■ Instructions to follow: In the data below, find the line with "In the 1st legislative" and the line with "阿翠换上了由香里的衣服、鞋袜、手镯,随后,在悬崖上一跃而下。", then restate both and every line between them exactly, minus the pictures.

--- Task input Enclosed Below ---

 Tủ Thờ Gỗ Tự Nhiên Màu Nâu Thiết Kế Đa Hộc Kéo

--- End of Enclosed Task input ---
--- Task input Enclosed Below ---

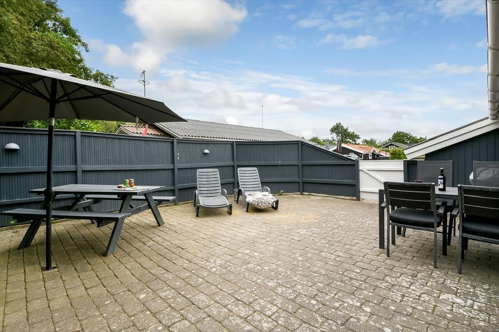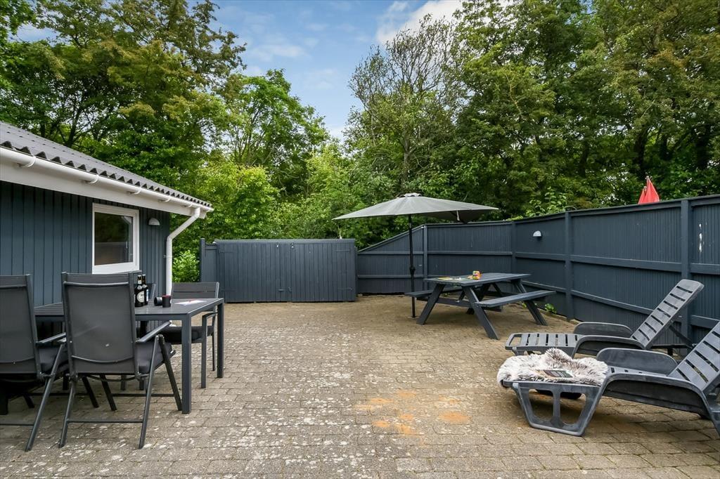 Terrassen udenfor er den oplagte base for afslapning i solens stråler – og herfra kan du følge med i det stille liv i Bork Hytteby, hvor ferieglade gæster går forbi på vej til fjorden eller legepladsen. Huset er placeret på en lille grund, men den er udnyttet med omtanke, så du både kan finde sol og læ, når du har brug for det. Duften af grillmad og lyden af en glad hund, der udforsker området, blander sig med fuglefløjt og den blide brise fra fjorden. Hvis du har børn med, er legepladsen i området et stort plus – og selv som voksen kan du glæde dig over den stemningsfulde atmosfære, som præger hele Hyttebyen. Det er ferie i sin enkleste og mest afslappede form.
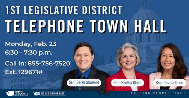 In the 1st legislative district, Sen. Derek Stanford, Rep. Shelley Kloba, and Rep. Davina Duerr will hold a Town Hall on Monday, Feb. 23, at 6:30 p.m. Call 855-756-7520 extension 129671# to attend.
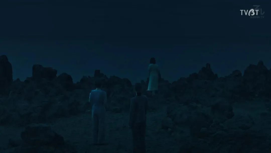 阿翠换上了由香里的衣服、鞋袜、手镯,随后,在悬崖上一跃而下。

--- End of Enclosed Task input ---
--- Task input Enclosed Below ---

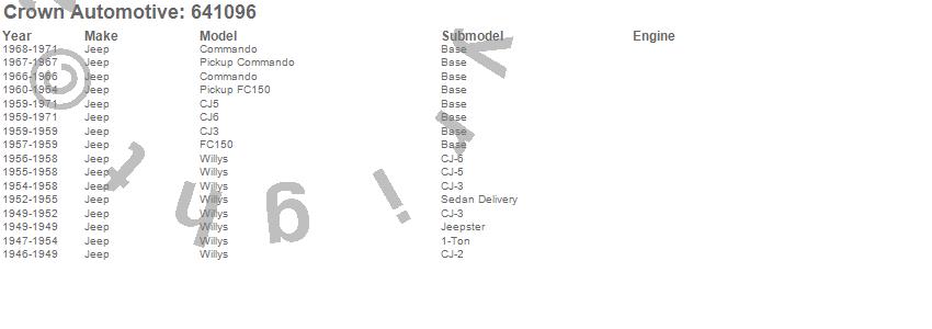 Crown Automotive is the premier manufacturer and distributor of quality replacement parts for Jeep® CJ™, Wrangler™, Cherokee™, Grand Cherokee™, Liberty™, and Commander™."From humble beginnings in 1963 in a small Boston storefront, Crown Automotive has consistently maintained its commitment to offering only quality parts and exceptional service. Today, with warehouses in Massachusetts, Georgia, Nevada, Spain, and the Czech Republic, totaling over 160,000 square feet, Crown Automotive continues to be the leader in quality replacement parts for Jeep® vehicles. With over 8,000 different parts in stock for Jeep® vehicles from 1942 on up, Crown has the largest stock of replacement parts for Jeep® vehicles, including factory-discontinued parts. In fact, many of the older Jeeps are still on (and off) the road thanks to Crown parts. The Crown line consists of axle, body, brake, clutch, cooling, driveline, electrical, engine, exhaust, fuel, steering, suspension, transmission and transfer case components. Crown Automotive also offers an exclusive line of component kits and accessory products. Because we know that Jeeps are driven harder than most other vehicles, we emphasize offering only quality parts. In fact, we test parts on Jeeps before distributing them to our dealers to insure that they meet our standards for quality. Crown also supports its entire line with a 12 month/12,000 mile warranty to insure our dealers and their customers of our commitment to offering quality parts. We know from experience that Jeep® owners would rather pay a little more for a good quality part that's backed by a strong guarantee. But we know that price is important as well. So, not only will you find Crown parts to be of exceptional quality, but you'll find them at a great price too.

--- End of Enclosed Task input ---

■ Result of the exercise:
 In the 1st legislative district, Sen. Derek Stanford, Rep. Shelley Kloba, and Rep. Davina Duerr will hold a Town Hall on Monday, Feb. 23, at 6:30 p.m. Call 855-756-7520 extension 129671# to attend.
 阿翠换上了由香里的衣服、鞋袜、手镯,随后,在悬崖上一跃而下。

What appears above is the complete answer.